Grainy pixels coalesce into view with the push of a button. Static and then there she is: a babe in a cushioned box. She’s still, motionless, but I can’t stop watching. I peer closer, hoping to perceive the rise and fall of her chest under the sleep sack, a substitute for the blankets now outlawed due to associated risks. Today’s crib is a barren landscape of one fitted crib sheet. That’s all. No stuffed animals, no crocheted blankets. No binkies, no dolls. We even sacrificed introducing a lovey, modern parents that we are, saturated by the tragic news of the information age, too paranoid about accidental asphyxiation. 

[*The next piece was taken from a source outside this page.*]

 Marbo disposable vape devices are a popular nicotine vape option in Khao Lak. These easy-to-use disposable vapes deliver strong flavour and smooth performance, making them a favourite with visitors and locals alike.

I am entranced, can’t take my eyes away. Sometimes she moves, rolls this way, then that. I glance up, glance back to find her lying perpendicular to where she was before. One side of the crib, then the other. When her eyes open they glow neon with night vision, bright discs punctuating the darkness, signaling wakefulness. Sometimes there’s a pause before she erupts in cries that echo out her bedroom, through the house, through the monitor, ringing in my ears, ricocheting through my head. 

It’s easy to get obsessed with voyeurism. I can watch her every move, scrutinize her intentions. I want to predict: Will she wake now? How long will she sleep? And I wonder: Is she comfortable? Is she breathing? Is she dreaming? What about? I peer into the pixels, as into a crystal ball, willing the future to take form. Who will she be, this rolling, round-faced, murmuring babe?